Oui, la littérature est un sport et le sport est une littérature. En ce sens qu’ils vont toucher chez l’humain la même chose. Tantôt la corde sensible quand la défaite vient où qu’un personnage du livre est dans une situation de détresse. Tantôt celle de l’adrénaline quand un rebondissement inattendu survient dans l’intrigue ou qu’un cadrage débordement renverse un match bien mal embarqué en amenant un essai. Tantôt la corde poétique quand les mots s’enchaînent et viennent traduire simplement une sensation qui nous paraissait si complexe et si personnelle ou qu’un homme s’empare du ballon et fait des gestes qui semblent si simples qu’on a l’impression de pouvoir les reproduire. Oui, littérature et sport sont cousins. Tous deux sont là pour nous emmener ailleurs. Pour donner à l’Humain de la fantaisie, de la beauté, de l’irrationnel, de l’universel.
Oui sport et littérature sont deux choses que nous aimons car ils sont profondément liés dans ce qu’ils nous apportent dans la cultivation de l’instant. Évidemment, chacun se souvient du moment où il a lu tel livre marquant, avec quelle personne il partageait un amour, ou une rupture. Chacun se souvient de ce qu’il faisait le 12 juillet 1998, qui il aimait ou qui il quittait, ce à quoi il aspirait, ce que lui renvoyait alors la victoire des Bleus au Mondial. Dans ces deux événements : la découverte d’un livre qui restera, ou le moment sportif inoubliable comme un dribble de Maradona : un point commun : l’instant qui fait que la sensation d’un bonheur fugace, intense, irrépressible est là.
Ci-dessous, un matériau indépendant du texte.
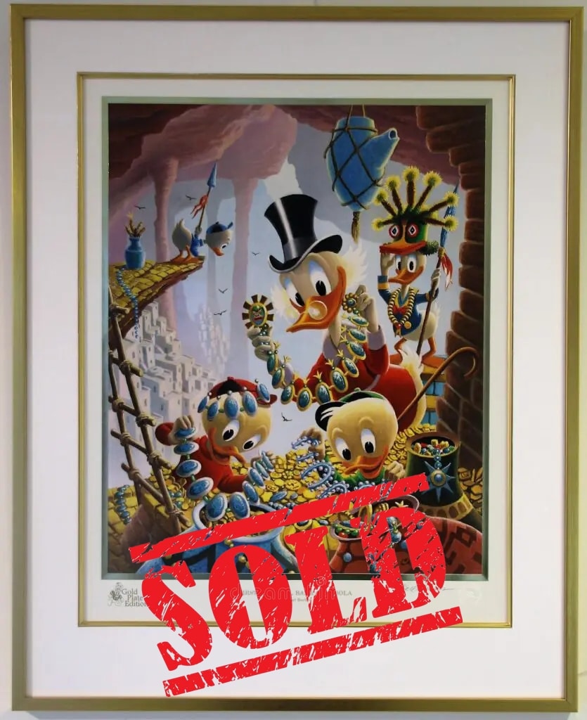 Beautiful lithograph based on the 1954 Barks story titled “The Seven Cities of Cibola”. Released in 1987. Signed and numbered 24/100. Accompanied by the original certificate of authenticity. Professionally framed in the trademarked exclusive Gallery Disneyana+ gold frame to a total size of approx. 75 x 65 cm.

Relire un livre aimé, c’est comme revoir un match. On sait exactement à quel instant on va chavirer, on s’y prépare, et on chavire quand même. L’instant n’est plus tout à fait le même, mais la mémoire de l’instant – les sourires échangés avec ceux qui étaient avec nous ou les mots notés et consignés dans le cahier de lecture – est bel et bien là. Pour toujours.
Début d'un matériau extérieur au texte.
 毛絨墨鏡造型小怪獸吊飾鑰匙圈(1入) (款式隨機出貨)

Sport et littérature exaltent aussi ce fameux « désir dont on ne sait quoi » comme disait Saint-Exupéry, entre nostalgie et recherche du beau. Entre retour en enfance et création de souvenirs éternels faits d’essais, de mots, de buts, ou de dribbles. L’autre chose qui lie profondément sport et littérature, n’en déplaise aux snobs, c’est bel et bien l’expérience humaine que l’une comme l’autre nous propose. « Tout ce que je sais de plus sûr à propos de la moralité et des obligations des hommes c’est au football que je le dois », aimait dire Albert Camus. Comme souvent il voyait juste tant les différentes personnalités du sport nous tendent un miroir de ce que nous sommes. L’hommage à Maradona ne dit pas autre chose. Maradona avec son génie et ses excès était une part de chacun de nous. Humain, simplement. Humain, trop humain. Comme le sont les personnages tant aimés. Solal, Julien Sorel, Meursault, Patrick Bateman et tant d’autres… Le sport comme la littérature sont des expériences sensibles dans ce qu’ils convoquent chez nous. Sportifs emblématiques comme bons personnages de romans sont nos copains d’abord. Nous les aimons, toutes voiles dehors.